A random sample of 31 people employed by the Florida state authority established they earned an average wage (including benefits) of $56 per hour. The sample standard deviation was $6.35 per hour.
(a)What is your best estimate of the population mean?
(b)Develop a 99 percent confidence interval for the population mean wage (including benefits) for these employees.
(c)How large a sample is needed to assess the population mean with an allowable error of $2 at 95 percent confidence?
To answer these questions, we will use the concepts of estimation and confidence intervals. Let's go step by step:
(a) To estimate the population mean wage, we can use the sample mean as our best estimate. In this case, the sample mean is $56 per hour. Therefore, our best estimate for the population mean wage is $56 per hour.
(b) To develop a confidence interval for the population mean wage, we need to determine the margin of error and then construct the interval.
Step 1: Determining the margin of error
The margin of error is calculated using the sample standard deviation, sample size, and the desired level of confidence. The formula for the margin of error is:
Margin of Error = (Z-score) * (Standard Deviation / Square Root of Sample Size)
For a 99 percent confidence interval, the Z-score corresponding to the desired confidence level is approximately 2.576. In this case, the sample standard deviation is $6.35, and the sample size is 31.
Margin of Error = 2.576 * (6.35 / sqrt(31))
Step 2: Constructing the interval
The confidence interval formula is:
Confidence Interval = (Sample Mean - Margin of Error, Sample Mean + Margin of Error)
Substituting the values, we have:
Confidence Interval = ($56 - Margin of Error, $56 + Margin of Error)
Now, calculate the Margin of Error using the formula from Step 1 and substitute it into the Confidence Interval formula.
(c) To determine the sample size needed to assess the population mean with a specific allowable error at a certain confidence level, we can use the formula for sample size calculation.

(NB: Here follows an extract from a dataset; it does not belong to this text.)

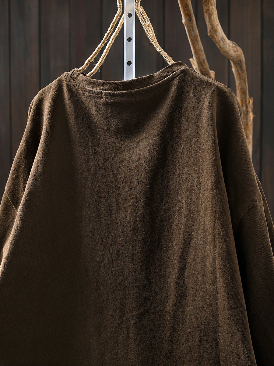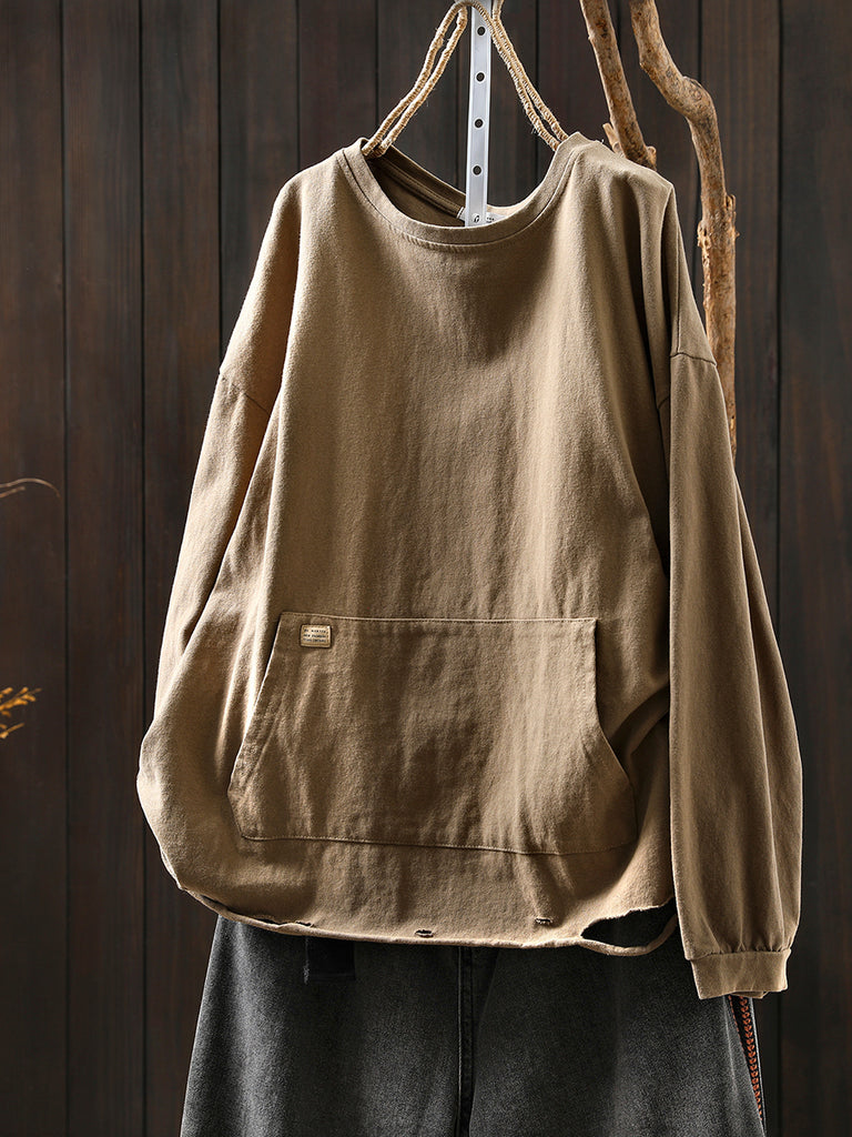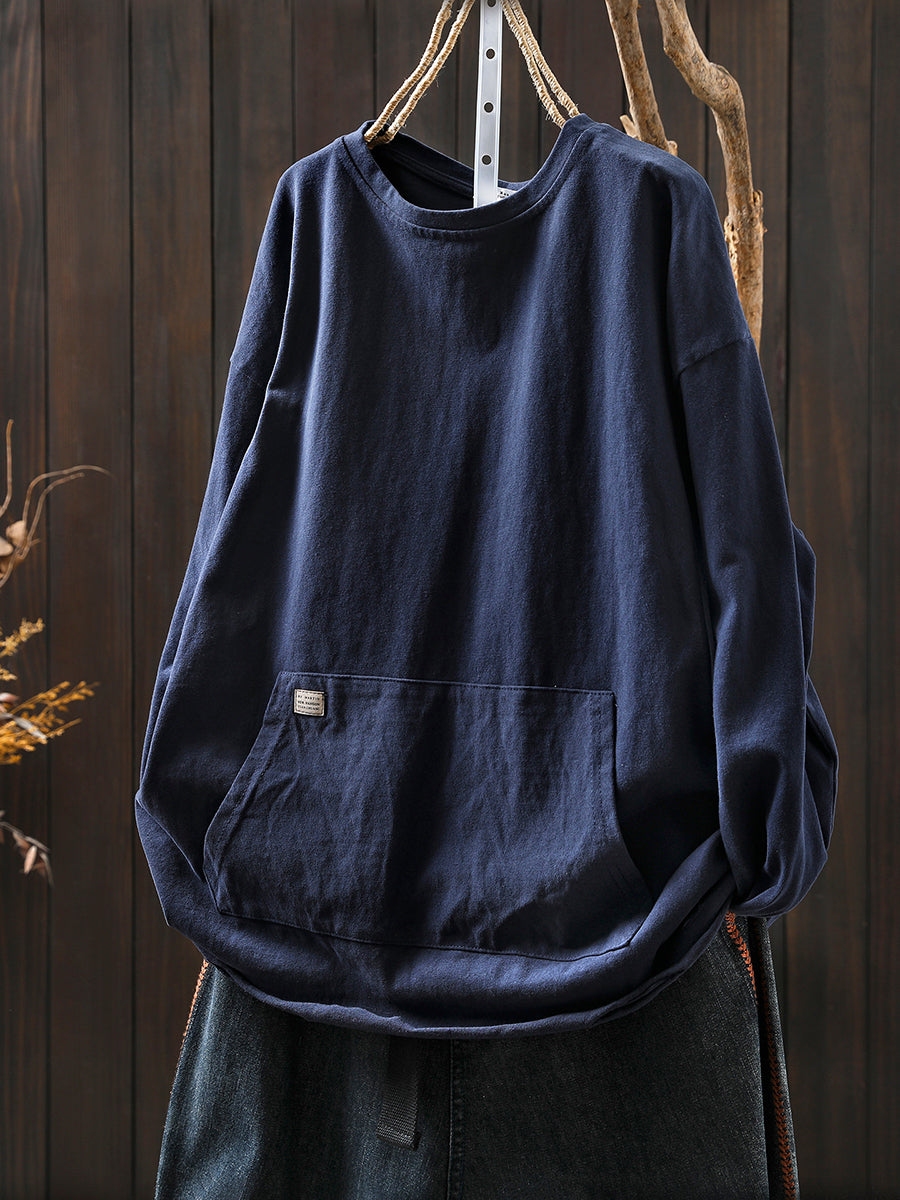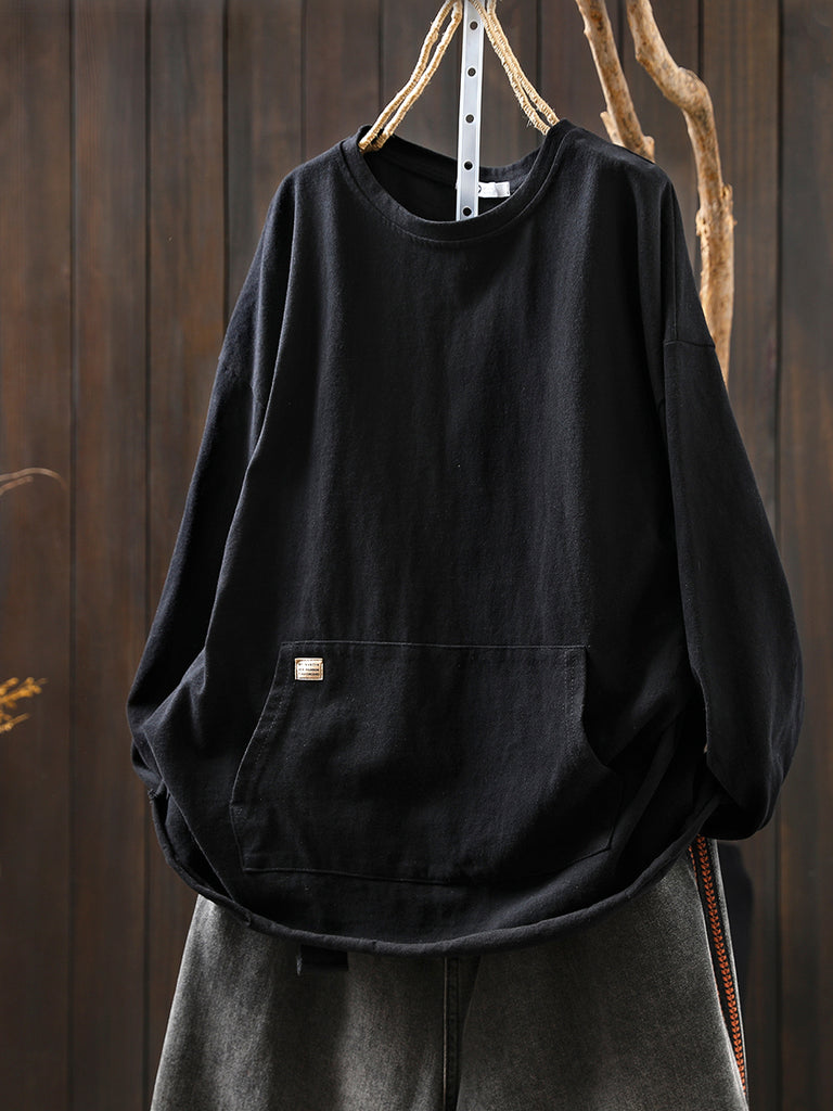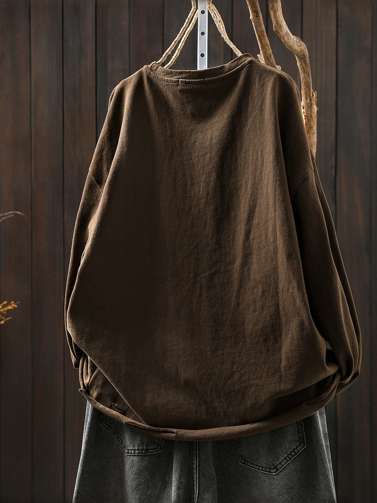חולצה עם צווארון O בצבע טהור בסתיו לנשים

The formula is:
Sample Size = (Z-score)^2 * (Standard Deviation^2) / (Allowable Error)^2
In this case, the allowable error is $2, and the desired confidence level is 95 percent. The Z-score corresponding to a 95 percent confidence level is approximately 1.96. Substitute these values into the formula to calculate the required sample size.
Sample Size = (1.96^2 * 6.35^2) / (2^2)
Evaluate the result to find the sample size needed.
Note: These calculations assume that the data follows a normal distribution and that the sample is a simple random sample.
(a) The best estimate of the population mean is equal to the average wage of the sample, which is $56 per hour.
(b) To develop a 99 percent confidence interval, we can use the formula:
Confidence interval = X̄ ± (Z * (σ / √n))
Where:
X̄ is the sample mean, which is $56 per hour
Z is the Z-score for a 99 percent confidence level, which is approximately 2.576
σ is the sample standard deviation, which is $6.35 per hour
n is the sample size, which is 31
Substituting these values into the formula, we get:
Confidence interval = 56 ± (2.576 * (6.35 / √31))
Calculating this expression gives us a confidence interval of approximately $52.43 to $59.57 per hour. Therefore, we can be 99 percent confident that the true population mean wage for the Florida state authority employees falls within this range.
(c) To determine the sample size needed to estimate the population mean with an allowable error of $2 at 95 percent confidence, we can use the formula:
n = (Z^2 * σ^2) / E^2
Where:
Z is the Z-score for a 95 percent confidence level, which is approximately 1.96
σ is the estimated population standard deviation, which is $6.35 per hour
E is the maximum allowable error, which is $2
Substituting these values into the formula, we get:
n = (1.96^2 * 6.35^2) / 2^2
Calculating this expression gives us a sample size of approximately 61. Therefore, a sample size of at least 61 is needed to estimate the population mean with an allowable error of $2 at 95 percent confidence.